Again, private sector – business, banks, WallStreet? Go boys! Oh, you’ve been “going” for about 15yrs – results? GBush tax breaks for 9+yrs – still got them – still sitting and waiting for “something.” What else can you do – that you don’t want US-gov to do – that you are not doing? Looks like you are just babbling. Again the economy under President Bush and a Republican Congress (as liberal as they were at times) was gangbusters. Only Bush and the Republicans forsaw the banking crisis and the Dems filibustered and blocked them proceedurally at every turn. You cannot rewrite history
Private sector – you want to fix it – not Gov? Government fixes nothing. it only takes and breaks.

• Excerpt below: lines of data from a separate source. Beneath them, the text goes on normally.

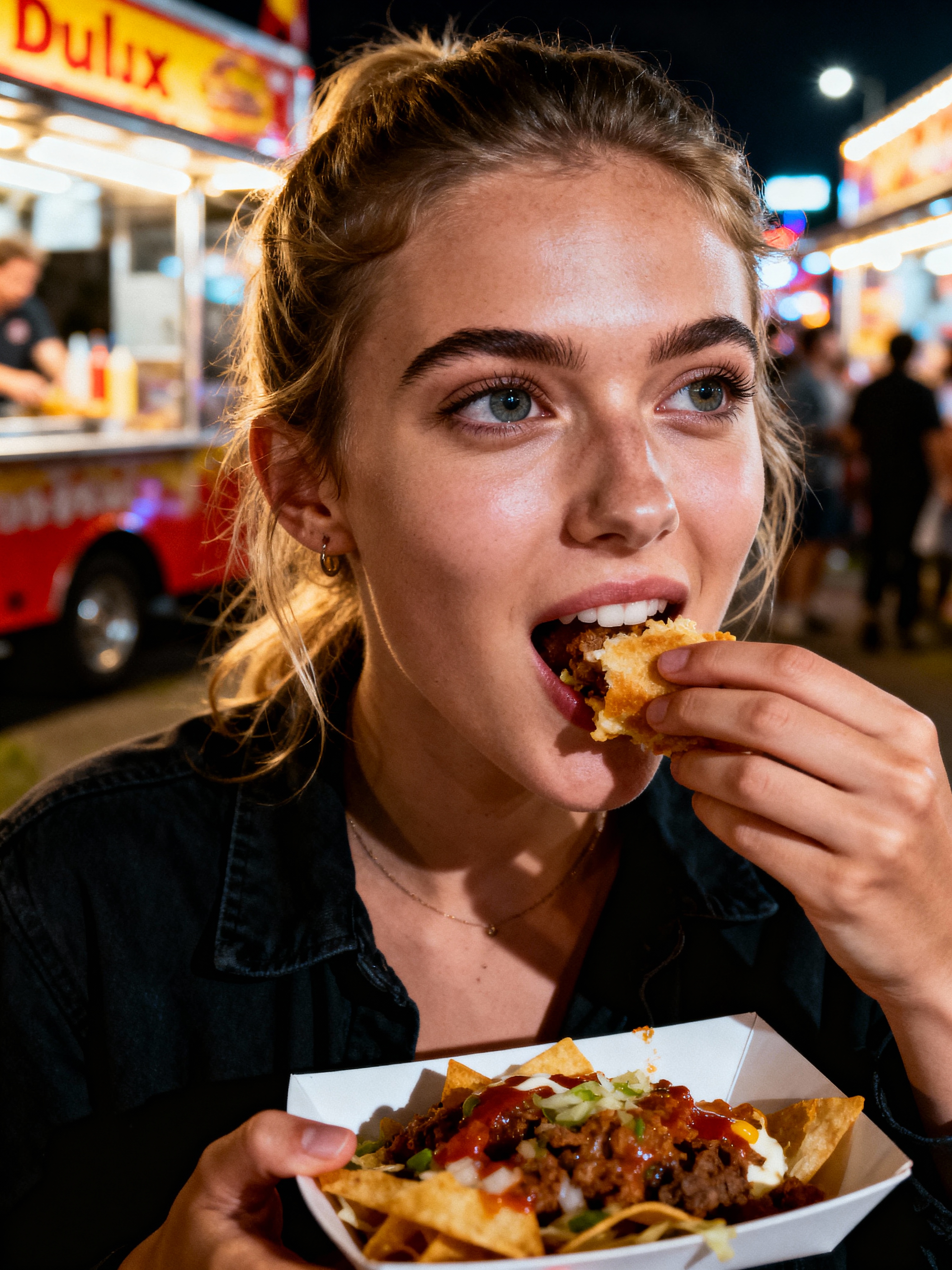 outgoing feminine model savoring street food at a local food truck event
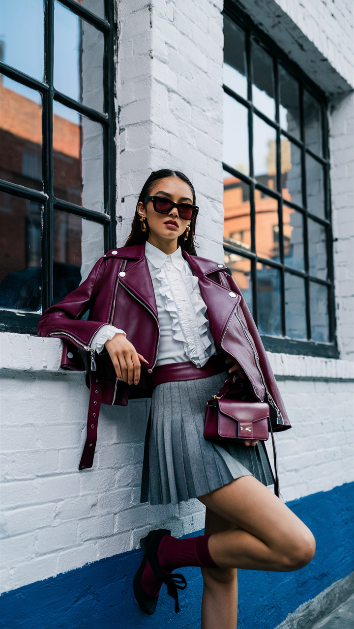 This outfit features a wine red leather jacket with bold metallic accents paired with a grey pleated skirt for a balanced mix of edgy and preppy styles. A crisp white blouse with ruffled detailing adds an element of elegance to the look. The deep red socks and black doll shoes complete the ensemble with a playful yet refined touch.
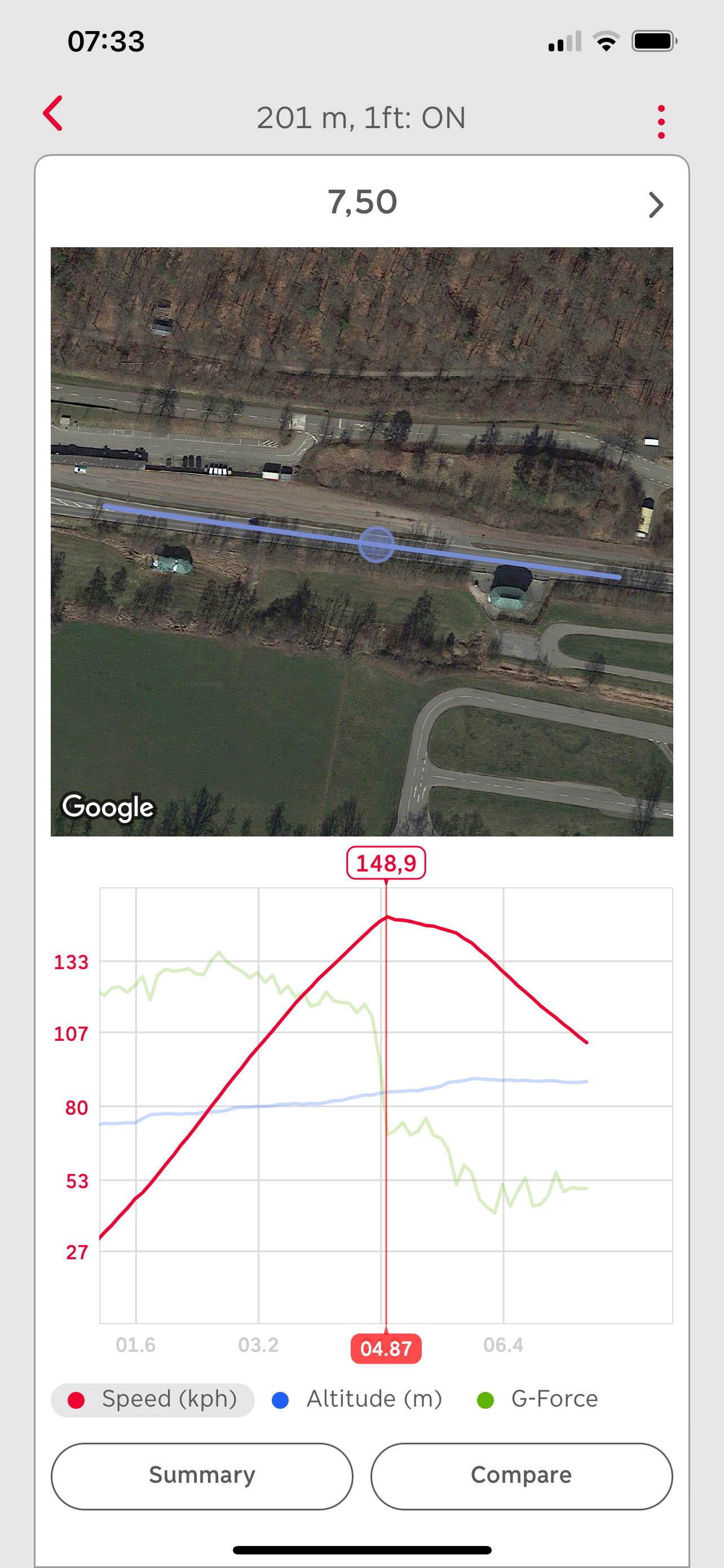 Eigentlich bin ich bei der 1/8 Meile bei 190-200 km/h und hatte mich schon gewundert …
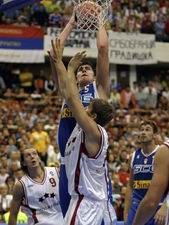 Нови Сад, 18. септембар 2005. године - Мушка кошаркашка репрезентација Србије и Црне Горе савладала је вечерас у Новом Саду, у трећем колу "Д" групе 34. Европског првенства, национални тим Летоније резултатом 82:67 (31:19, 16:12, 20:19, 15:17).
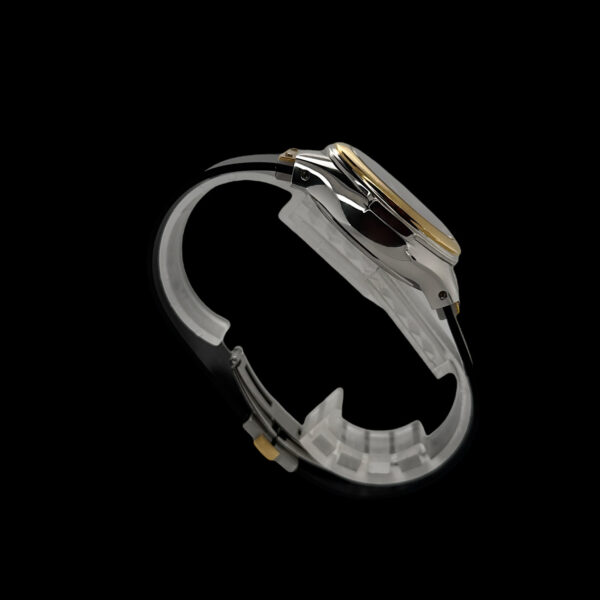 Das meisterhafte Gehäuse aus Edelstahl und 18-karätigem Gelbgold setzt luxuriöse Bicolor-Akzente, während die Stahl-Gold-Butterfly-Faltschließe für sicheren, ausgewogenen Tragekomfort sorgt.
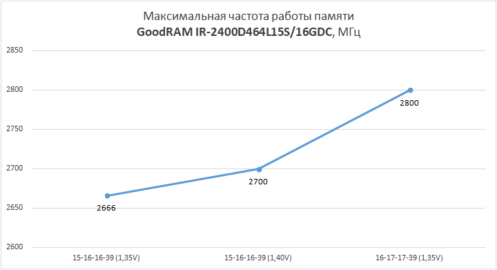 Это, пожалуй, первый комплект памяти, который не смог покорить отметку 3000 МГц. Максимум, какого режима удалось добиться от новинки GoodRAM — 2800 МГц. Выше этого значения получить так и не удалось. Ни тайминги, ни повышение напряжения, ни к чему не привели. Не помог даже восьмислойный стеклотекстолит, примененный при производстве печатных плат.
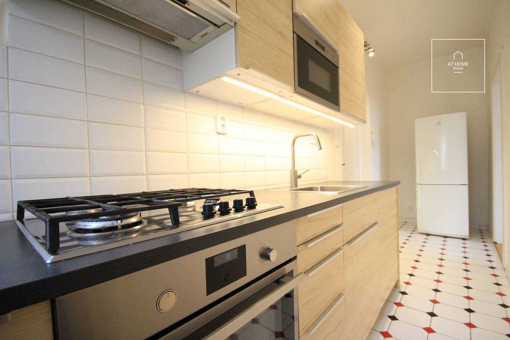 Tyršova čtvrť, hezké bydlení na klidném místě v oblasti s rodinnými domky a vilami. Velice příjemný byt 2+kk, nezařízený (s možností částečně dozařídit) v 1.patře rodinného domu v Modřanech, Praha 4. 52m2: předsíň s vybaveným kuchyňským koutem (plynová varná deska, el. trouba, myčka), obývací pokoj, ložnice. Koupelna s oknem a rohovou vanou, WC. Bojler na teplou vodu, vytápění pro celé patro plynovým kotlem (rozúčtování). Dobrá dopravní dostupnost – tramvaje směr centrum přes Braník, autobusy na metro C (Budějovická, Kačerov) i metro B (Smíchovské nádraží). V místě školy, školky, mezinárodní školy (Prague British International School – 5 min autem), poliklinika, obchodní centra, supermarkety (Billa, Kaufland, Lidl). Nedaleko Modřanská rokle, Kunratický les, cyklostezky, sportovněkulturní zóna v Braníku s restauracemi. Cena za nájem 18.000,- Kč/měs + 1.000,-/os/měs. za dům (v případě 2 osob) + elektřina a plyn. Nejlépe pro česky mluvícího zájemce, ideálně pro 1 osobu nebo maximálně pro pár. Volné v první polovině února.Volné v první polovině února. Energetický štítek G.
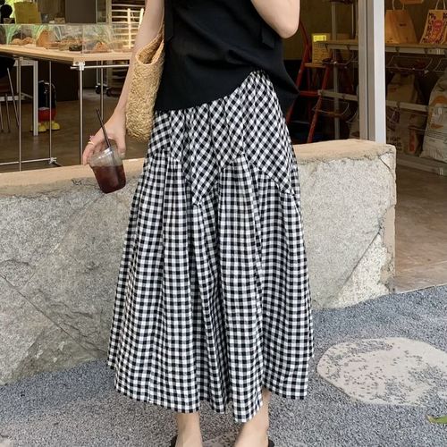 유니픽 여성 체크 모직 롱 스커트 가을겨울 신상 하이웨이스트 A라인 패션 캐주얼 롱 스커트CC

It is a necessary evil that only liberals put their full faith into.
That’s you, as in above – ok, do it – do it for the past 3+yrs, don’t want a “middle, lower class job recovery? That’s where your cash comes from! You cannot have a recovery for any Americans regardless of class until you stop separating Americans by class and commiting war against those you deem to be wealthy.
That’s all they ask, a job, not cash-by-hand – or, for the past 10+yrs. Again, everything was good until Democrats took over Congress and then the White House.
Who killed the jobs? People without a clue. People like you.